Sentenza n. 723/2024 del 30-01-2024

principi giuridici

Ai fini del riconoscimento del diritto alla pensione di reversibilità in favore del figlio maggiorenne inabile, ai sensi dell'art. 22 della legge n. 903 del 1965, l'inabilità al lavoro deve sussistere al momento del decesso del genitore, dovendosi accertare che, a tale data, il figlio fosse affetto da una patologia tale da renderlo totalmente e permanentemente incapace di svolgere qualsiasi attività lavorativa.

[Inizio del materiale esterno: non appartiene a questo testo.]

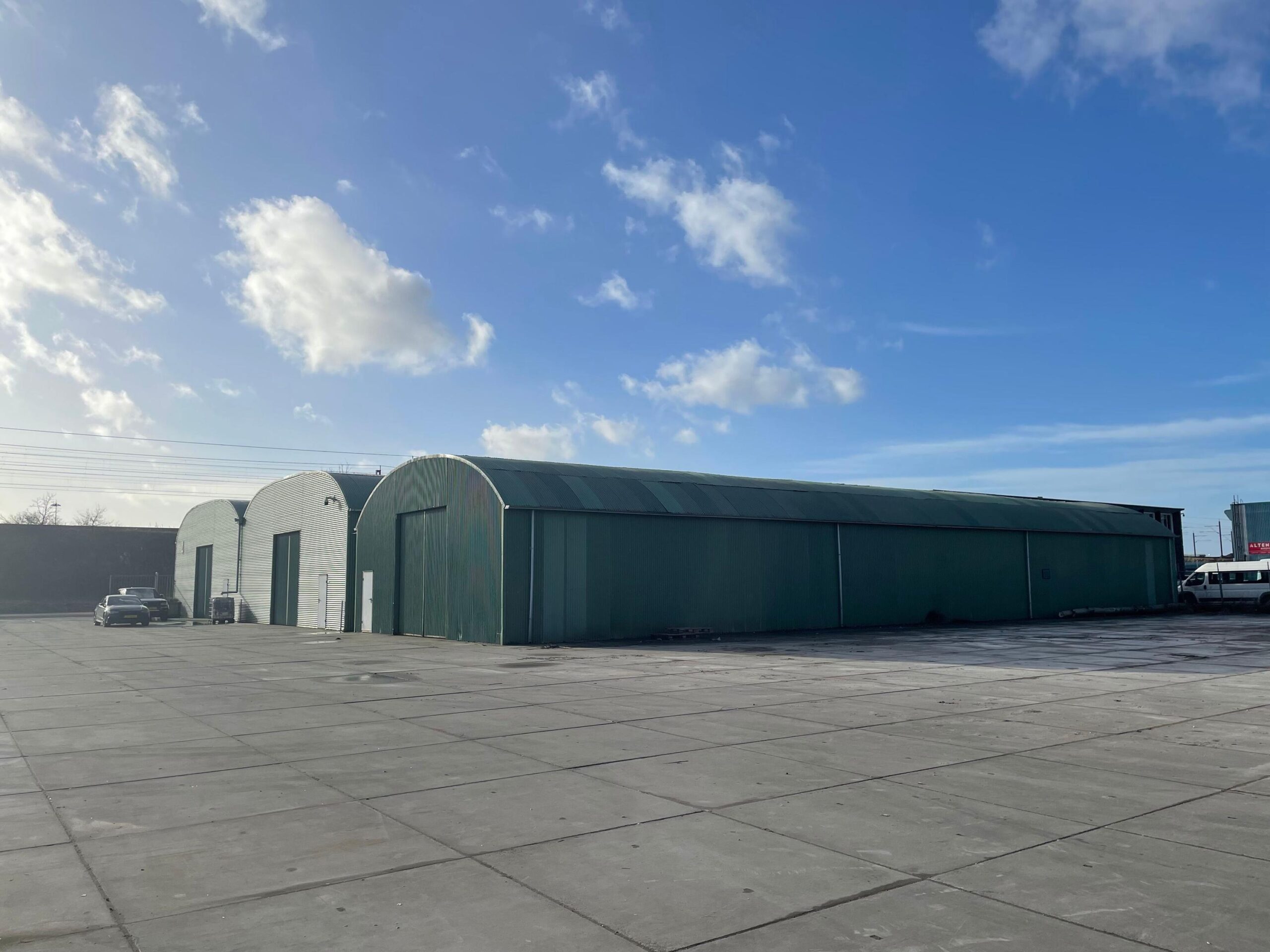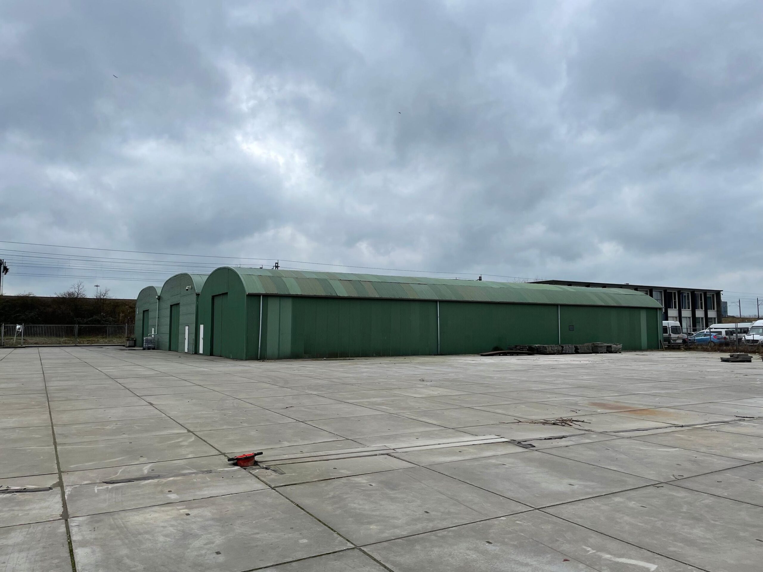 Het betreft hier een uitgestrekt buitenterrein van circa 5.332 m², verhard met stelconplaten, waarop twee Romney-loodsen zijn gesitueerd van ca. 1.592 m². Voor buitenopslag resteert dan nog circa 3.656 m².

Il requisito della vivenza a carico, richiesto dall'art. 22 della legge n. 903 del 1965 per il riconoscimento del diritto alla pensione di reversibilità in favore del figlio maggiorenne inabile, va inteso nel senso che il genitore provvedeva, in via continuativa e in misura quanto meno prevalente, al mantenimento del figlio inabile.

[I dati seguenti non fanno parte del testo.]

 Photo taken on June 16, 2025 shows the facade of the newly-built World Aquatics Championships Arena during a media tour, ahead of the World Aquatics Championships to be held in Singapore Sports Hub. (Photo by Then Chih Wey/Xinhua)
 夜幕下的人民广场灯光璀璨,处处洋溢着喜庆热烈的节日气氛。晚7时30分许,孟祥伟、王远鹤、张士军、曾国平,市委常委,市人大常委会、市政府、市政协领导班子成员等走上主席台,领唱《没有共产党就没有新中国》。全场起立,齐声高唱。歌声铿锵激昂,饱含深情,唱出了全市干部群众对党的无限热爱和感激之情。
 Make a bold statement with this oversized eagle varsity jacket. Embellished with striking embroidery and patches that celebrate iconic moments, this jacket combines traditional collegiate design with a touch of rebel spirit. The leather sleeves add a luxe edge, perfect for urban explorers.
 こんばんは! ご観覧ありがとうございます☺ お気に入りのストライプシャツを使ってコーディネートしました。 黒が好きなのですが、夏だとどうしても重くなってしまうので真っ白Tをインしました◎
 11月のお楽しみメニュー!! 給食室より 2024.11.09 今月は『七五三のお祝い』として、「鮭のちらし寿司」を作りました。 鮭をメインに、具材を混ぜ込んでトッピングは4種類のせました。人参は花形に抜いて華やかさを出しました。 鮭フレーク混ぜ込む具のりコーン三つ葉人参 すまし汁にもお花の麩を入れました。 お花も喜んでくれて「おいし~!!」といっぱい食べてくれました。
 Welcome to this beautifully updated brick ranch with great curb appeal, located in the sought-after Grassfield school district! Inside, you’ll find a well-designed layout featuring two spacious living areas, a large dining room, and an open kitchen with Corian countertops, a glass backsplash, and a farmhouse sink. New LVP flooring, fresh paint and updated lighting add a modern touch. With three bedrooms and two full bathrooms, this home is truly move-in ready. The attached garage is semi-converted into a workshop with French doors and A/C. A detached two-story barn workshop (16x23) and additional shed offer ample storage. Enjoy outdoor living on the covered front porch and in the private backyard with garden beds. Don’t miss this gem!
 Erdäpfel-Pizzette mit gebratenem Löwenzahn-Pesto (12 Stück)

N.B.: Le massime sono generate automaticamente e potrebbero contenere errori e imprecisioni.
Si consiglia di leggere sempre il testo integrale del provvedimento.

sintesi e commento

Riconoscimento della Pensione di Reversibilità a Figlio Maggiorenne Inabile: Analisi di una Sentenza


La pronuncia in esame affronta il tema del diritto alla pensione di reversibilità in favore di un figlio maggiorenne riconosciuto inabile al lavoro, a seguito del decesso del genitore pensionato. Il caso trae origine dal rigetto da parte dell'### della domanda di pensione di reversibilità presentata da un soggetto, motivato dal mancato riconoscimento dello stato di inabilità alla data del decesso del padre.
Il ricorrente, affetto da plurime patologie invalidanti, tra cui insufficienza mentale ingravescente, disturbi autistici ed epilessia, aveva visto respingere la propria istanza nonostante la convivenza e la dipendenza economica dal padre, titolare di pensione. L'### contestava, in particolare, la sussistenza del requisito dell'inabilità al momento della morte del genitore.
Il Tribunale, nel dirimere la controversia, ha richiamato l'articolo 22 della Legge 903/65, che disciplina la pensione ai superstiti, stabilendo che spetta ai figli di qualunque età riconosciuti inabili al lavoro e a carico del genitore al momento del decesso di questi. Il giudice ha sottolineato come la giurisprudenza di legittimità interpreti il requisito della "vivenza a carico" non come una totale soggezione finanziaria, ma come la dimostrazione che il genitore provvedeva, in via continuativa e prevalente, al mantenimento del figlio inabile.
Al fine di accertare la condizione di inabilità del ricorrente, è stata disposta una Consulenza Tecnica d'Ufficio (CTU) medico-legale. Il CTU ha concluso che il ricorrente era affetto da un complesso patologico che lo rendeva stabilmente e definitivamente inabile al lavoro nella misura del 100%, in continuità con precedenti valutazioni mediche e, quindi, anche all'epoca del decesso del padre.
Sulla base delle risultanze della CTU, ritenute esaustive e convincenti, il Tribunale ha accolto il ricorso, accertando l'inabilità del ricorrente sin dalla data del decesso del padre e riconoscendo il diritto alla pensione di reversibilità a decorrere dal primo giorno del mese successivo alla presentazione della domanda amministrativa. Di conseguenza, l'### è stato condannato a corrispondere la pensione nella misura del 20% di quella percepita dal defunto genitore, oltre rivalutazione monetaria e interessi legali. Le spese di lite e di CTU sono state poste a carico dell'ente previdenziale soccombente.
N.B.: Il commento è generato automaticamente e potrebbe contenere errori e imprecisioni.
Si consiglia di leggere sempre il testo integrale del provvedimento.